FAB4-138:MAGICAL MYSTERY TOUR

マジカル・ミステリー・ツアー Water Me マジカル・ミステリー・ツアー [Blu-ray]


 w & m:LENNON / McCARTNEY

 P:ジョージ・マーティン
 E:ジェフ・エマリック(4/25〜27、5/4、11/6、7)、マルコム・アデイ(5/3)
 2E:リチャード・ラッシュ(4/25〜5/4)、ケン・スコット(11/6)、グレアム・カークビー(11/7)
 録音:1967年4月25日(バスの音のテープ・ループ、take 1-3、take 3 を編集し take 4-8)、
    4月26日(take 8 に SI 「ベース、パーカッション、コーラス」後、編集し take 9)、
    4月27日(take 9 に SI 「歌、コーラス」)、
    5月3日(take 9 に SI 「ブラス」)、
    11月7日(STEREO MIX 4 及び MONO MIX 7 に SI 「歌、効果音」)
 MONO MIX:1967年4月27日(take 9 より 1-4)、5月4日(take 9 より 1-7)、
       11月7日(SI した 7 より 8-10)
 STEREO MIX:1967年11月6日(take 9 より 1-4)、11月7日(SI した 4 より 5-6)

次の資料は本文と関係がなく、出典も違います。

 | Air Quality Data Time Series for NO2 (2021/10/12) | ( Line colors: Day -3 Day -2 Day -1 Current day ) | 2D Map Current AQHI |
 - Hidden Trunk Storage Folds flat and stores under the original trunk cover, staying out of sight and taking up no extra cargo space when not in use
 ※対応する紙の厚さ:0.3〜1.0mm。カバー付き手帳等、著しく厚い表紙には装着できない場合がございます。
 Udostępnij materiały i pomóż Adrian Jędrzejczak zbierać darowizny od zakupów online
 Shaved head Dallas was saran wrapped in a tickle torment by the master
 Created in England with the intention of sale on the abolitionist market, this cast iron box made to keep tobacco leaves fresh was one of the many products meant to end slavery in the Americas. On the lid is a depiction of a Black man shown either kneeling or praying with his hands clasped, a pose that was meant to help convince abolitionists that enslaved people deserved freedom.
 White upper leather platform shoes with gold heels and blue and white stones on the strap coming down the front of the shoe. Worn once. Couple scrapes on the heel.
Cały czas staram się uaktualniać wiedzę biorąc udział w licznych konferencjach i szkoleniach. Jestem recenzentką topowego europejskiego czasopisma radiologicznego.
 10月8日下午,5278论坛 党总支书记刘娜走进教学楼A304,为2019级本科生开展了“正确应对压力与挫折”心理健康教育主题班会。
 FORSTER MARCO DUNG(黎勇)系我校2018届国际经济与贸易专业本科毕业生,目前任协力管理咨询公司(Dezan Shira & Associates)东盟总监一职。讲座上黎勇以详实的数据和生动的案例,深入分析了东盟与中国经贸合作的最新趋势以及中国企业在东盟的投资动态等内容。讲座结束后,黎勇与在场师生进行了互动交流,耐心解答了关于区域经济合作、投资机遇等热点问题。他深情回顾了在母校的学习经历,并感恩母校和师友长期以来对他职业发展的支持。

 初出:1967年11月27日発売 (「MAGICAL MYSTERY TOUR」 A-1)
 キャピトル MAL 2835(モノ)、SMAL 2835(ステレオ)

 1967年12月8日 英国EP発売 (「MAGICAL MYSTERY TOUR」 A-1)
 パーロフォン MMT-1(モノ)、SMMT-1(ステレオ)


ポール・マッカートニーの作品で、1967年12月26日にBBCで放送されたTV映画「MAGICAL MYSTERY TOUR」のテーマ曲です。アルバム「SGT. PEPPER'S LONELY HEART'S CLUB BAND」の録音を4月1日に終えたポールは、4月3日から11日までアメリカへ行って、ジェーン・アッシャーといちゃついたり、ブライアン・ウイルソンにプレッシャーをかけたりしたのですが、帰りの飛行機でまたしてもうっかり天然バカボン丸出しの「MAGICAL MYSTERY TOUR」の構想を思い付いてしまいます。其れはビートルズが参加するバス・ツアーを描くものですが、キチンとした脚本はなく、行き当たりバッタリで作ってしまおうと云う「トンデモ作品」でした。天下無敵のザ・ビートルズでしたが、発表当時には音楽は評価されたものの映画はボロクソに貶されます。然し「MTV」を先取りした様な映像の評価も、後にはスティーブン・スピルバーグが影響を受けたと語ったりして絶賛される事となりました。個人的にも好きなTV映画ではありますが、内容は出鱈目で何の意味もありません。そんな事を云い出せばアルバム「SGT. PEPPER'S LONELY HEART'S CLUB BAND」にも意味などないのですけど、映画にしちゃうと叩きやすかったのでしょう。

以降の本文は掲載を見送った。